EXTRACTED ENTRIES START

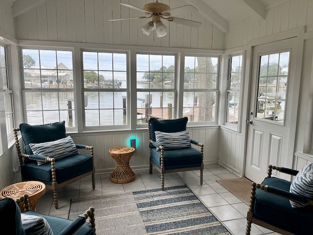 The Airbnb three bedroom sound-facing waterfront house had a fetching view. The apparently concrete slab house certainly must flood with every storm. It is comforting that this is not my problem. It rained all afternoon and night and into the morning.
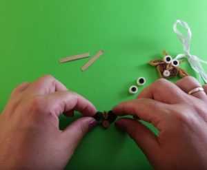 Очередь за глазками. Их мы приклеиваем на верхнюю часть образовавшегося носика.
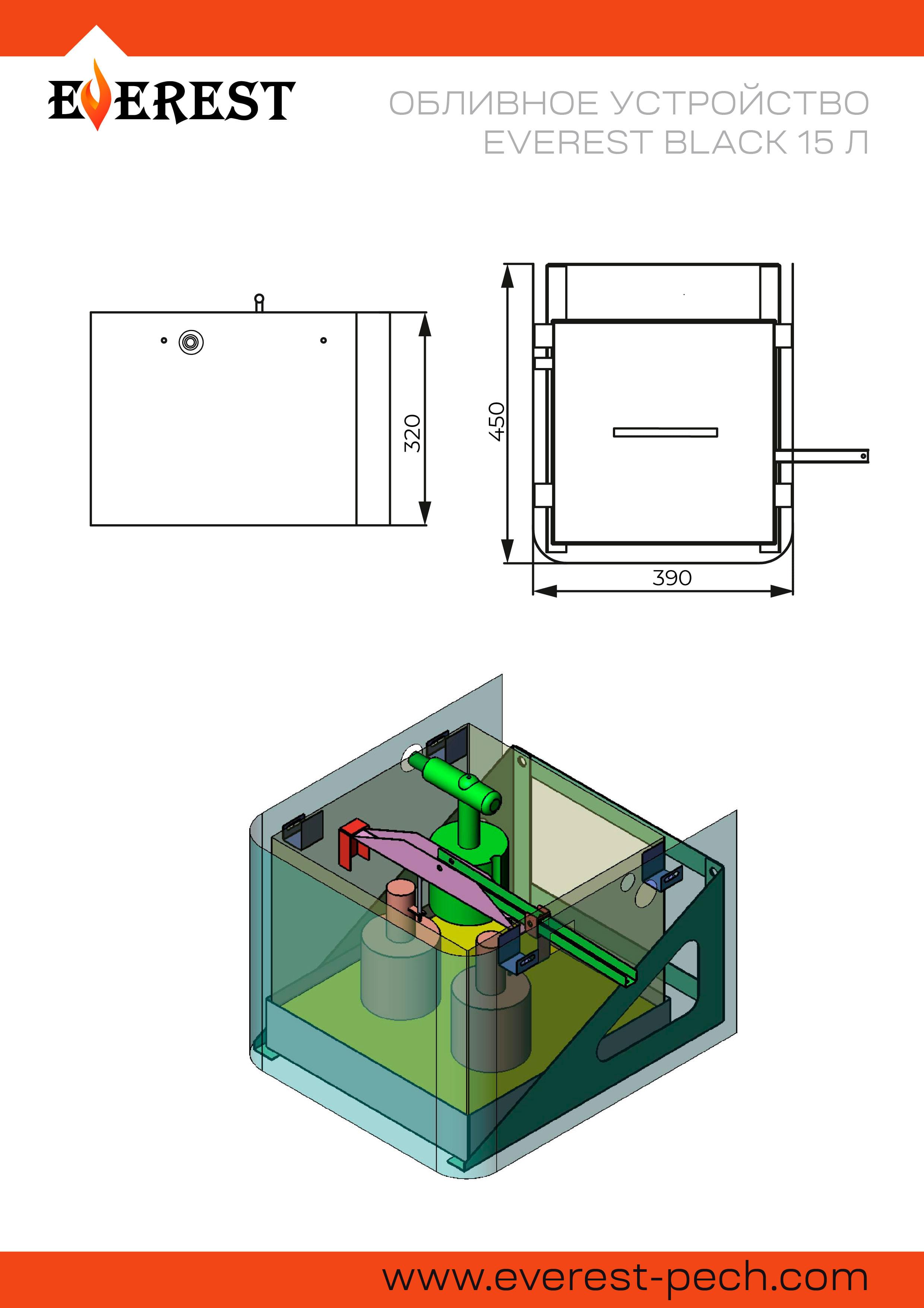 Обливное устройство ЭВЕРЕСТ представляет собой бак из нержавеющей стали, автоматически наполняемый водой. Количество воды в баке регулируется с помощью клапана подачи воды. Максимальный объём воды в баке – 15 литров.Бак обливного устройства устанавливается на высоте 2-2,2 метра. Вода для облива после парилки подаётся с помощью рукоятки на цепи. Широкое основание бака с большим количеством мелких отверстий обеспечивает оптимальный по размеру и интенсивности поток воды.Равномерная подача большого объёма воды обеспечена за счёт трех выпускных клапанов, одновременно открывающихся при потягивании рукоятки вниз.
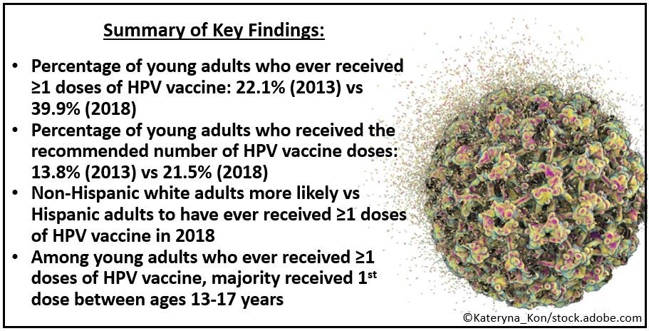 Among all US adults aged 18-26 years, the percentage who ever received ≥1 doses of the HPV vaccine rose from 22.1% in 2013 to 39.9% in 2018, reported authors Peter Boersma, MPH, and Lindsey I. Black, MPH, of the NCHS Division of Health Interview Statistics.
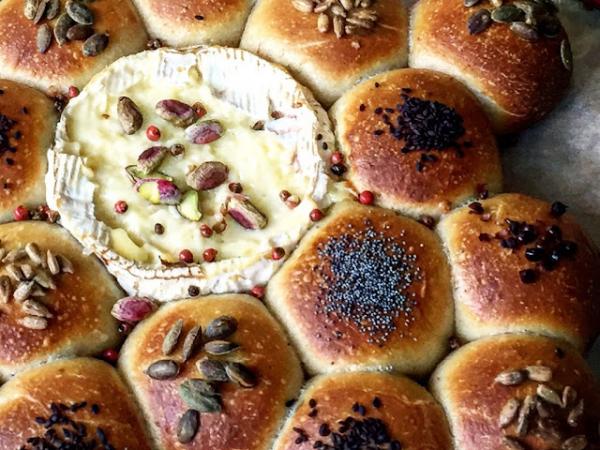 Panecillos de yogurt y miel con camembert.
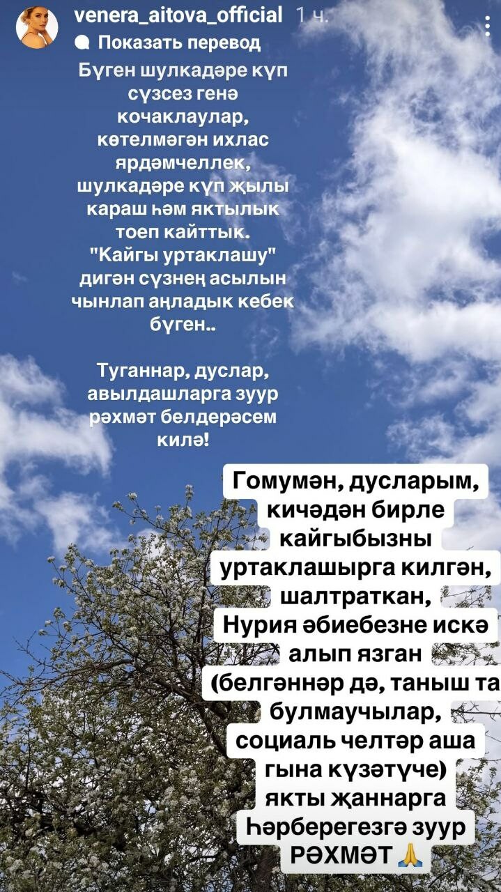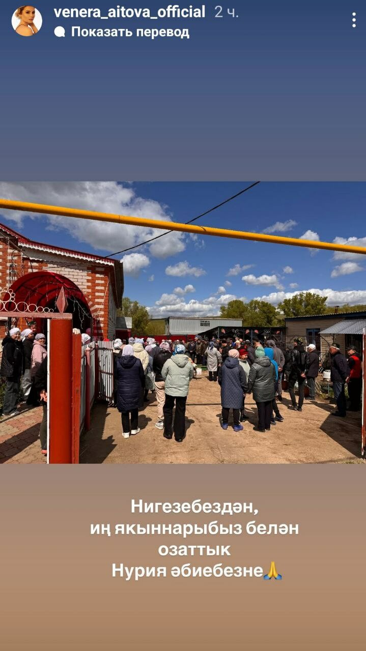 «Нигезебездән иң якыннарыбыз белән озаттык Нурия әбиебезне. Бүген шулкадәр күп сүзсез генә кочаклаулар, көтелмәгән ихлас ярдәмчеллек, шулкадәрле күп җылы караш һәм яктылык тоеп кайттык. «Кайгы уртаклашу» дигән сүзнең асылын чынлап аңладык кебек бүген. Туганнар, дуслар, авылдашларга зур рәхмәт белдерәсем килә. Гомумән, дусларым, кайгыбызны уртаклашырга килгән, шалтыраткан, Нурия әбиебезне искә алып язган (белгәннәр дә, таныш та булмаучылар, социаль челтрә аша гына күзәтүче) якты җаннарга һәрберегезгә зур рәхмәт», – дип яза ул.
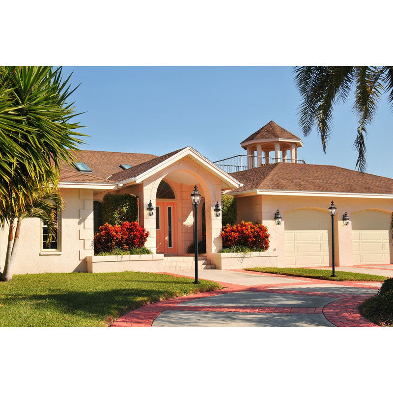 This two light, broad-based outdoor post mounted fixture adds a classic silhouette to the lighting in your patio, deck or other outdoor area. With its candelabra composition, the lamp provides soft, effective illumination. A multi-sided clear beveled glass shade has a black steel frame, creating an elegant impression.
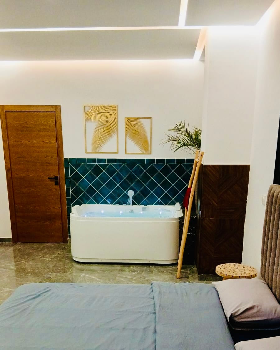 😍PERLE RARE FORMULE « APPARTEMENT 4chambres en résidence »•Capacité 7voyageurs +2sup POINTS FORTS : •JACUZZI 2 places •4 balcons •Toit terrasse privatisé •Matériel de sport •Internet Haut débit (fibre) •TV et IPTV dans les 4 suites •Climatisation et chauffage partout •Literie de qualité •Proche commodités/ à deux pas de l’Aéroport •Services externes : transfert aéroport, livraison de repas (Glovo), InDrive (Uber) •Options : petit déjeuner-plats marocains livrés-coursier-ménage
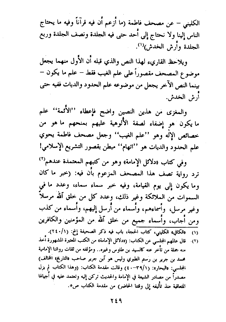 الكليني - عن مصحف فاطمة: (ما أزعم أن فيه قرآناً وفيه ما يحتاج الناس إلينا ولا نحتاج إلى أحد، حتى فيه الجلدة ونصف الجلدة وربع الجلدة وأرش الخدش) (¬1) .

EXTRACTED ENTRIES END
EXTRACTED ENTRIES START

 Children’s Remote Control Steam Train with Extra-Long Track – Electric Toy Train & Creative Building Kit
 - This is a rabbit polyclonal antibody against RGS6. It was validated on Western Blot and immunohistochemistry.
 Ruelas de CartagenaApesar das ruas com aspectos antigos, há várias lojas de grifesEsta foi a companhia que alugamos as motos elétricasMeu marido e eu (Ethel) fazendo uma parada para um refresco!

EXTRACTED ENTRIES END

### WORK INSTRUCTIONS
Up in the listing, locate the line with "Panecillos de yogurt y miel con camembert."; print it and every line after it down to the line with "déjeuner-plats marocains livrés-coursier-ménage", which is included too. Skip the pictures.

### WORKED SOLUTION
 Panecillos de yogurt y miel con camembert.
 «Нигезебездән иң якыннарыбыз белән озаттык Нурия әбиебезне. Бүген шулкадәр күп сүзсез генә кочаклаулар, көтелмәгән ихлас ярдәмчеллек, шулкадәрле күп җылы караш һәм яктылык тоеп кайттык. «Кайгы уртаклашу» дигән сүзнең асылын чынлап аңладык кебек бүген. Туганнар, дуслар, авылдашларга зур рәхмәт белдерәсем килә. Гомумән, дусларым, кайгыбызны уртаклашырга килгән, шалтыраткан, Нурия әбиебезне искә алып язган (белгәннәр дә, таныш та булмаучылар, социаль челтрә аша гына күзәтүче) якты җаннарга һәрберегезгә зур рәхмәт», – дип яза ул.
 This two light, broad-based outdoor post mounted fixture adds a classic silhouette to the lighting in your patio, deck or other outdoor area. With its candelabra composition, the lamp provides soft, effective illumination. A multi-sided clear beveled glass shade has a black steel frame, creating an elegant impression.
 😍PERLE RARE FORMULE « APPARTEMENT 4chambres en résidence »•Capacité 7voyageurs +2sup POINTS FORTS : •JACUZZI 2 places •4 balcons •Toit terrasse privatisé •Matériel de sport •Internet Haut débit (fibre) •TV et IPTV dans les 4 suites •Climatisation et chauffage partout •Literie de qualité •Proche commodités/ à deux pas de l’Aéroport •Services externes : transfert aéroport, livraison de repas (Glovo), InDrive (Uber) •Options : petit déjeuner-plats marocains livrés-coursier-ménage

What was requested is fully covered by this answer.